** Data shown follows **
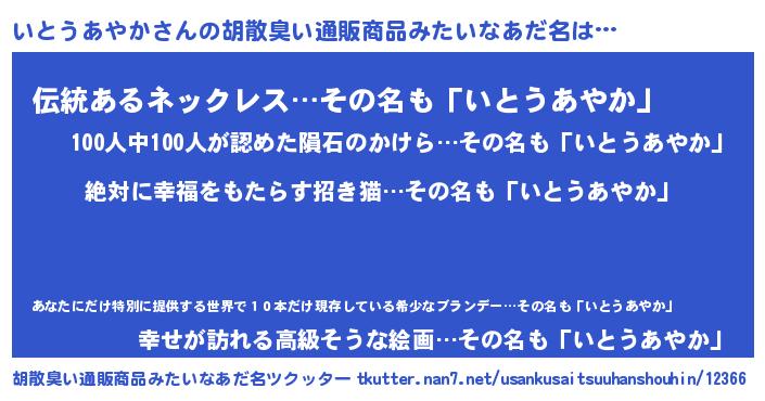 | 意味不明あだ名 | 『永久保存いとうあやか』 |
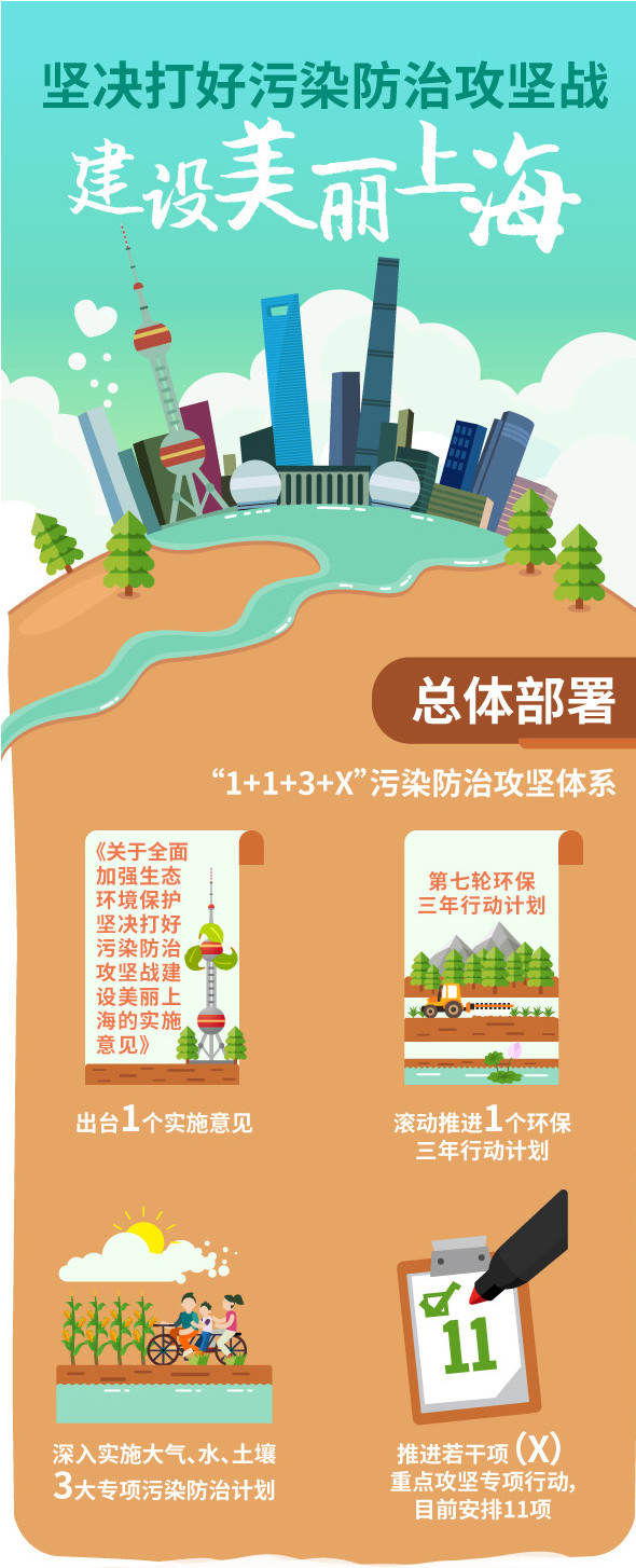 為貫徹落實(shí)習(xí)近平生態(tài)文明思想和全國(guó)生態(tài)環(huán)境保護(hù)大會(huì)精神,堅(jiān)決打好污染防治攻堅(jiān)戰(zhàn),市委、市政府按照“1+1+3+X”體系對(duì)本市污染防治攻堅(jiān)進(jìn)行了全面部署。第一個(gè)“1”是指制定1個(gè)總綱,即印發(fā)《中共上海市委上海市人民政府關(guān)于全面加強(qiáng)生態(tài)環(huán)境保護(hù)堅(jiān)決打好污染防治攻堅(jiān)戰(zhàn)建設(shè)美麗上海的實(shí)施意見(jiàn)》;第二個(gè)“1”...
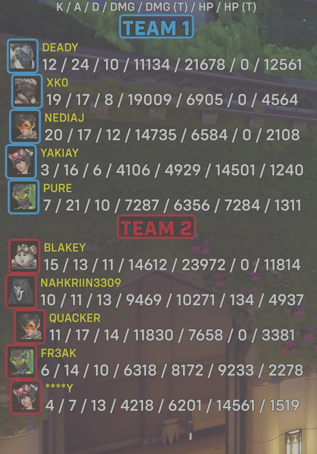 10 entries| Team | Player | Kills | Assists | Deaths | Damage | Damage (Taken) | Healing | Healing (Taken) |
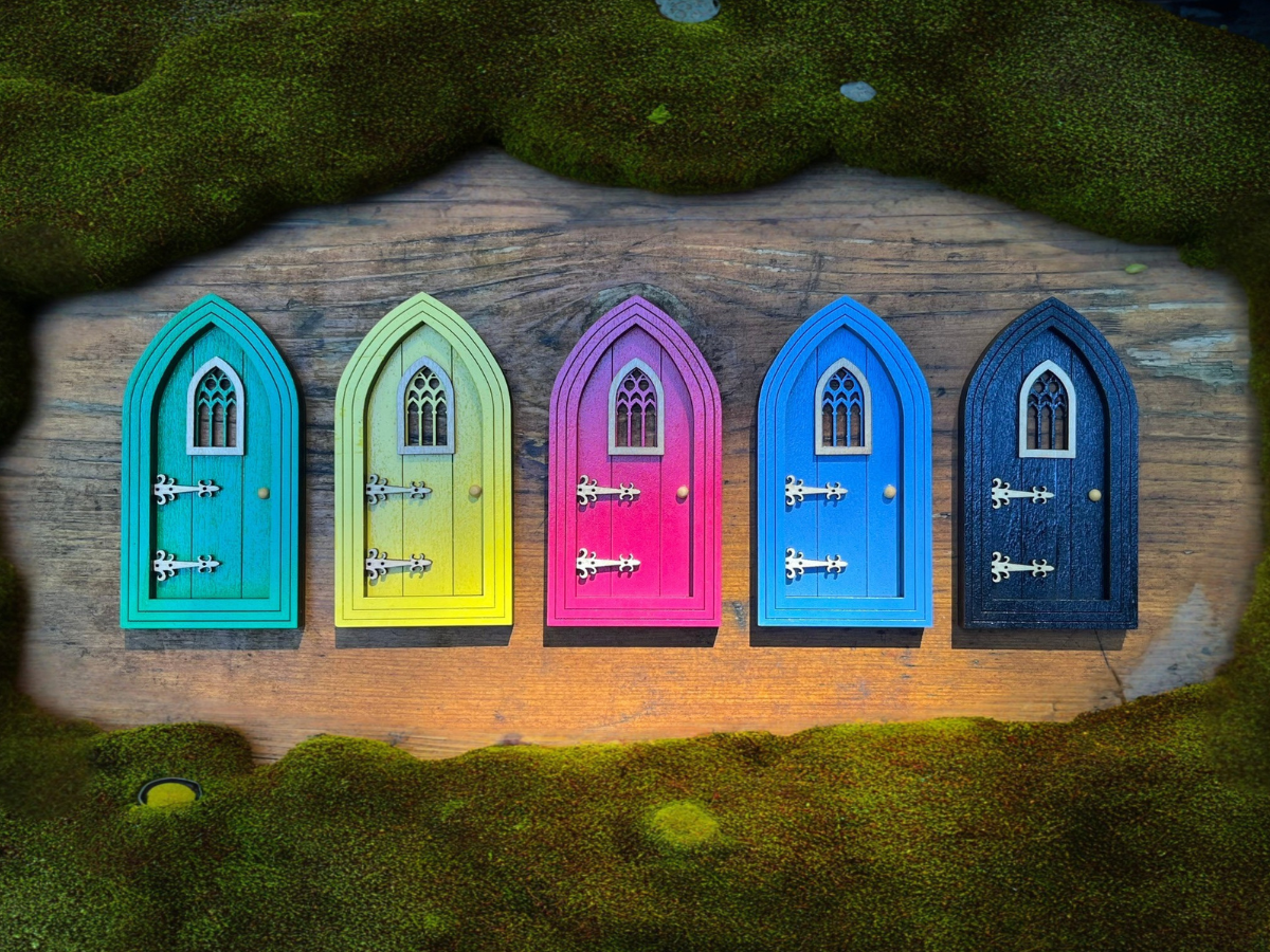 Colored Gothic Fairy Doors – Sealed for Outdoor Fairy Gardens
** End of Data shown **
■ **Problem statement**
Give back the data exactly. Pictures stay out.

■ **Exercise answer**
 | 意味不明あだ名 | 『永久保存いとうあやか』 |
 為貫徹落實(shí)習(xí)近平生態(tài)文明思想和全國(guó)生態(tài)環(huán)境保護(hù)大會(huì)精神,堅(jiān)決打好污染防治攻堅(jiān)戰(zhàn),市委、市政府按照“1+1+3+X”體系對(duì)本市污染防治攻堅(jiān)進(jìn)行了全面部署。第一個(gè)“1”是指制定1個(gè)總綱,即印發(fā)《中共上海市委上海市人民政府關(guān)于全面加強(qiáng)生態(tài)環(huán)境保護(hù)堅(jiān)決打好污染防治攻堅(jiān)戰(zhàn)建設(shè)美麗上海的實(shí)施意見(jiàn)》;第二個(gè)“1”...
 10 entries| Team | Player | Kills | Assists | Deaths | Damage | Damage (Taken) | Healing | Healing (Taken) |
 Colored Gothic Fairy Doors – Sealed for Outdoor Fairy Gardens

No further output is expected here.